**Aim of the exercise:** Retyped exactly and without pictures, the lines from the one with "我新创建了一条安全策略,我希" through the end of the listing must form the entire answer.

======== Dataset excerpts

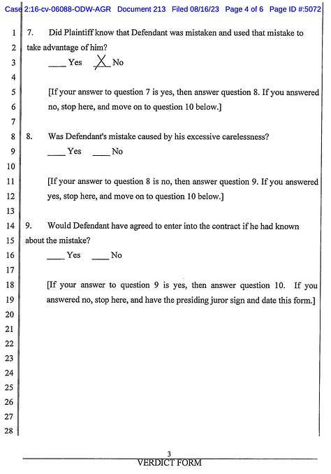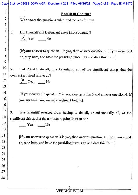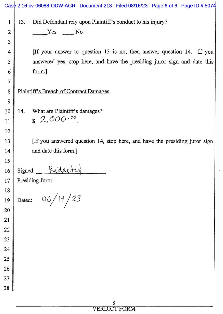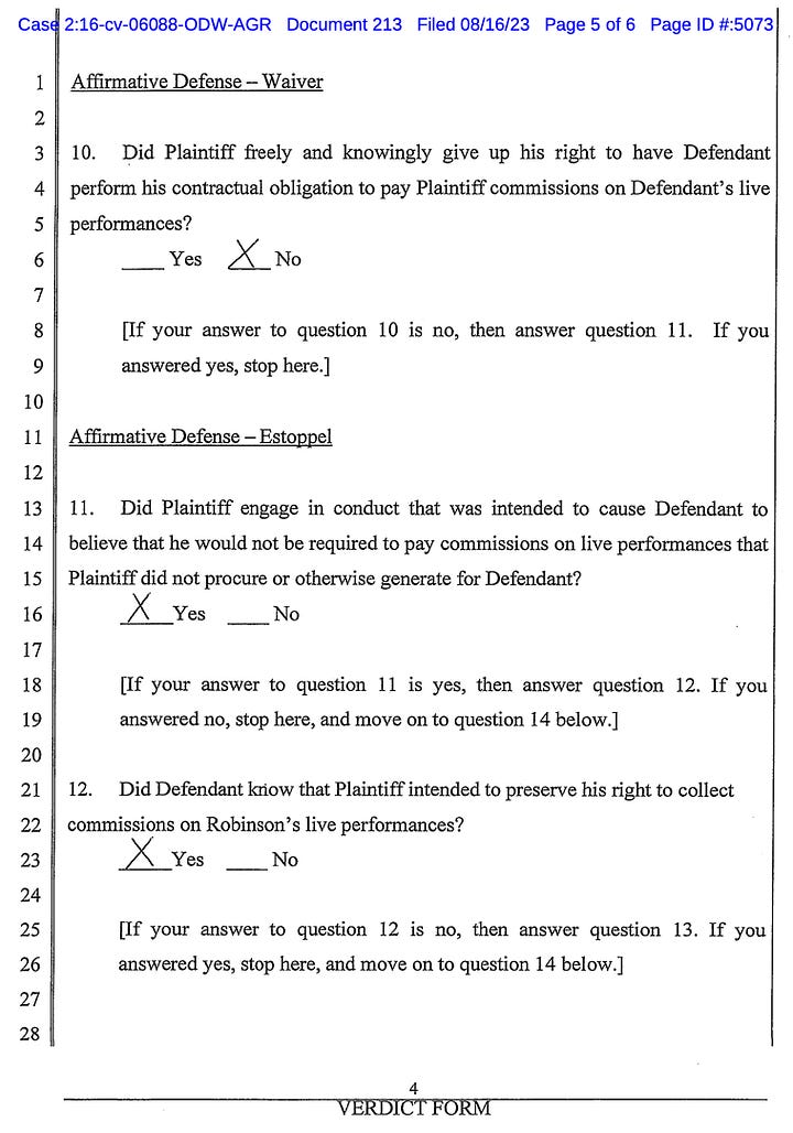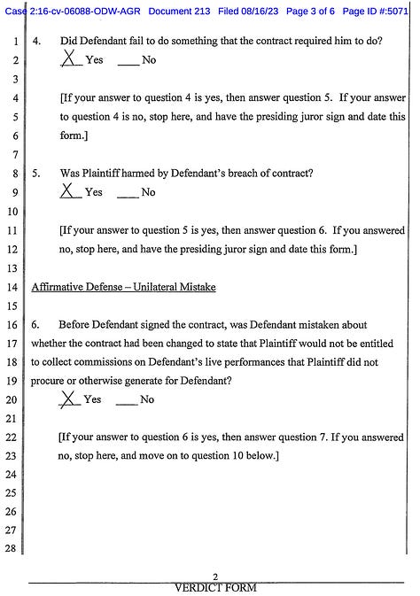 One of two jurors who spoke with attorneys after the verdict said the verdict form led to a circular argument in the jury room. The juror didn’t expand, but the question about affirmative defenses applying to the $2,000 indicates jurors saw it as a separate legal issue from the $940,300 in live performance commissions but were forced to address both issues at the same time because the verdict form didn’t distinguish them.
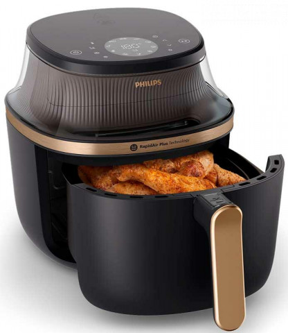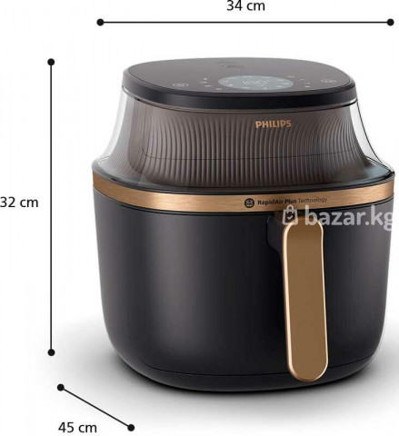 Аэрогриль Philips Ovi NA342 - это инновационный прибор, который готовит пищу без жира благодаря технологии Rapid Air Plus. Мощность 2000 Вт и объем 7,2 л позволяют легко жарить, готовить на гриле и запекать различные блюда. Электронный термостат и функция удержания тепла обеспечивают точное и равномерное приготовление. Использование мобильного приложения позволяет удобно управлять прибором и получать доступ к рецептам. Технические характеристики: Мощность (Вт): 2000 Температура (мин-макс): 40 - 200 ˚C Термостат: электронный Возможность мытья в посудомоечной машине: корзина Тип питания: Сеть Жарка: да Поджаривание: да Выпечка: да Варка: нет Гриль: да Повторный нагрев: да Жарка: нет Фондю: нет Контроль температуры: да Автоматические программы: да Функция поддержания тепла: да Термоциркуляция: да Дополнительные функции: мобильное приложение, жарка, гриль и запекание, смотровое окно, внутренняя подсветка, рецепты в приложении, сигнал окончания работы, технология Rapid Air Plus, таймер, светодиодный дисплей, цифровые часы Объем чаши (л): 7.2 Форма корзины: квадратная Цвет: черный Размеры: 33,3 x 30,35 x 45,3 см Вес (кг): 5,9 Размеры упаковки: 49 x 37 x 37 см Вес с упаковкой (кг): 1 Количество программ: 12 Минимальная температура (°C): 40 Максимальная температура (°C): 240
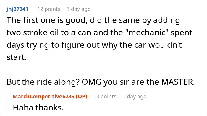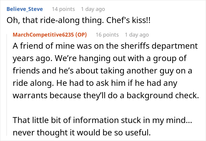 In the comments, readers celebrated the guy’s sneaky revenge but warned him to maybe keep quiet about the ride-along thing
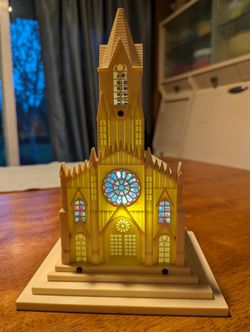Vintage Hard Plastic Christmas Church, Retro WORKING Raylite Electric Corp Illuminated Musical Church, Retro Lighted Christmas Church
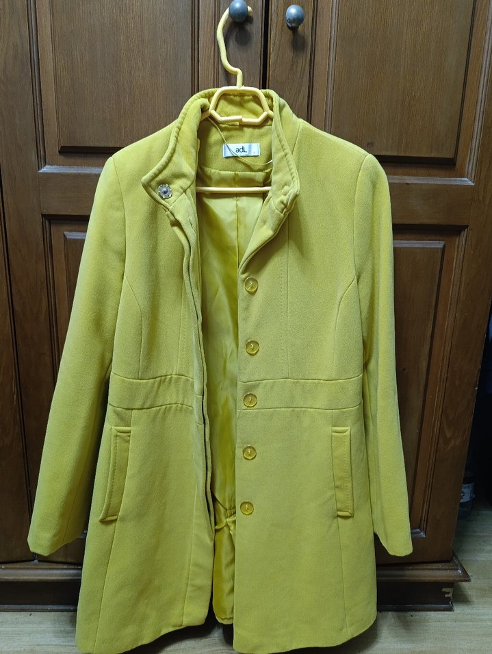 Sarı uzun kaban, düğmeli kapama ve yan ceplere sahiptir. Yumuşak ve sıcak kumaştan üretilmiştir.
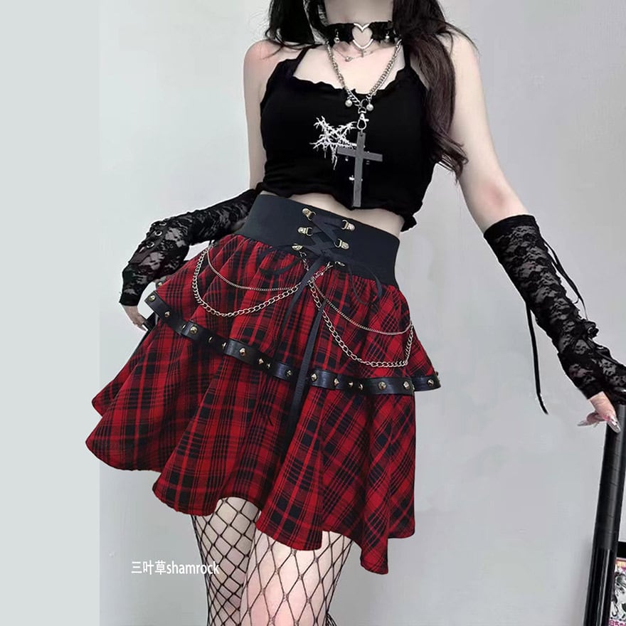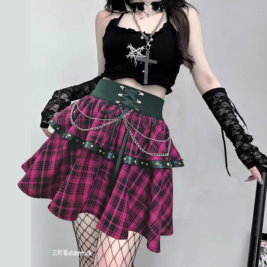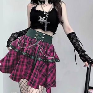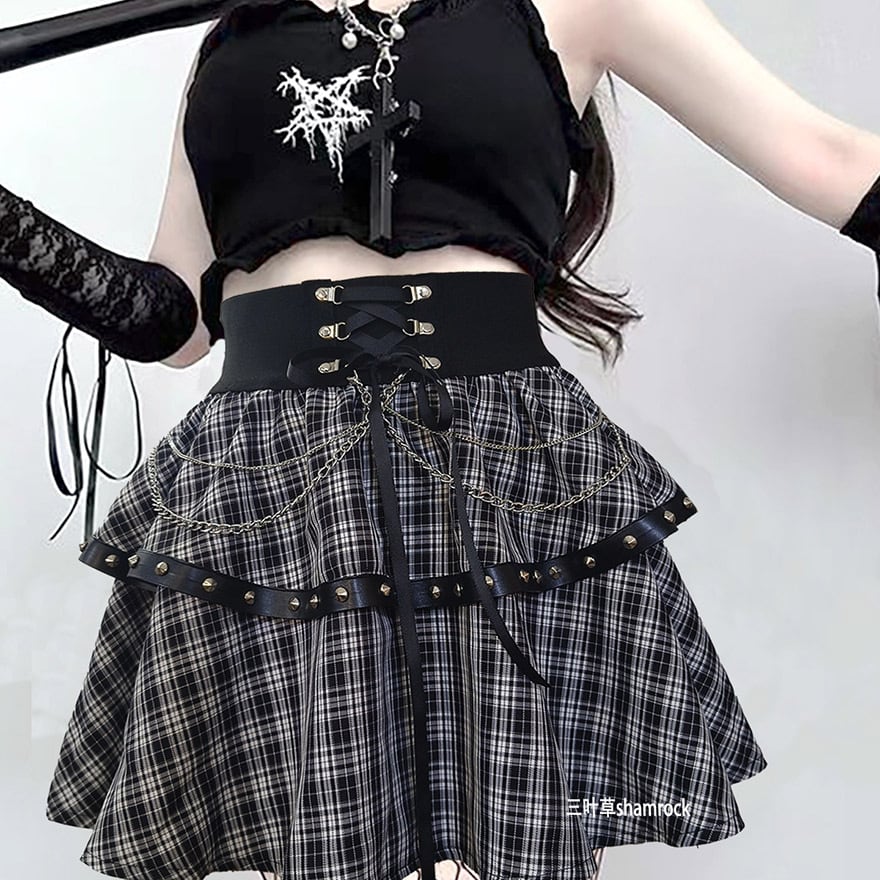 関連キーワード: #サブカル #地雷系 #ミニスカート #パンク #ゴシック #ロック #甘辛MIX #レースアップ #編み上げ #コルセット #チェーン #チェック柄 #ストリートファッション #可愛い #量産型
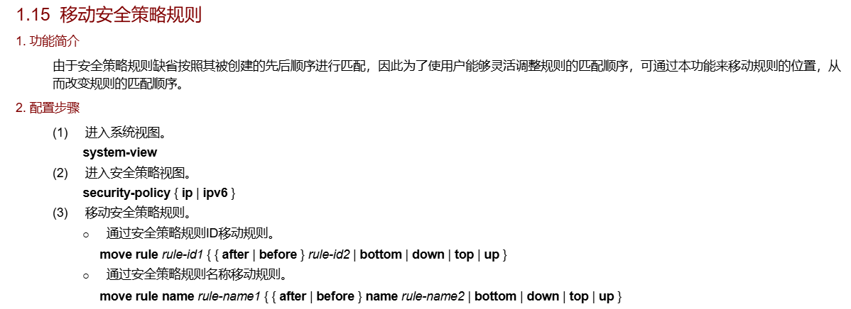 我新创建了一条安全策略,我希望可以在匹配安全策略的时候,先匹配这条在匹配之前配置的策略,通过什么命令可以实现,求大神解答
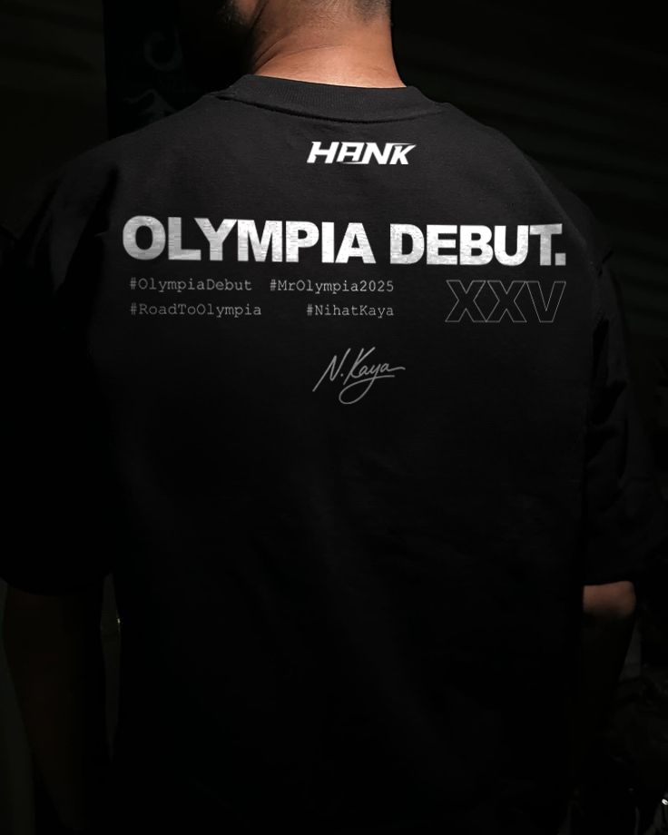 Her koleksiyonun bir hikâyesi vardır. Bu tişört, yalnızca bir giyim ürünü değil; sahneye giden yolun, disiplinin ve emekle örülmüş bir yolculuğun simgesidir. HANK olarak ilk kez Mr. Olympia sahnesinde yer alıyoruz ve bu özel anı sizinle paylaşmak istedik.

================

**Exercise answer:**
 我新创建了一条安全策略,我希望可以在匹配安全策略的时候,先匹配这条在匹配之前配置的策略,通过什么命令可以实现,求大神解答
 Her koleksiyonun bir hikâyesi vardır. Bu tişört, yalnızca bir giyim ürünü değil; sahneye giden yolun, disiplinin ve emekle örülmüş bir yolculuğun simgesidir. HANK olarak ilk kez Mr. Olympia sahnesinde yer alıyoruz ve bu özel anı sizinle paylaşmak istedik.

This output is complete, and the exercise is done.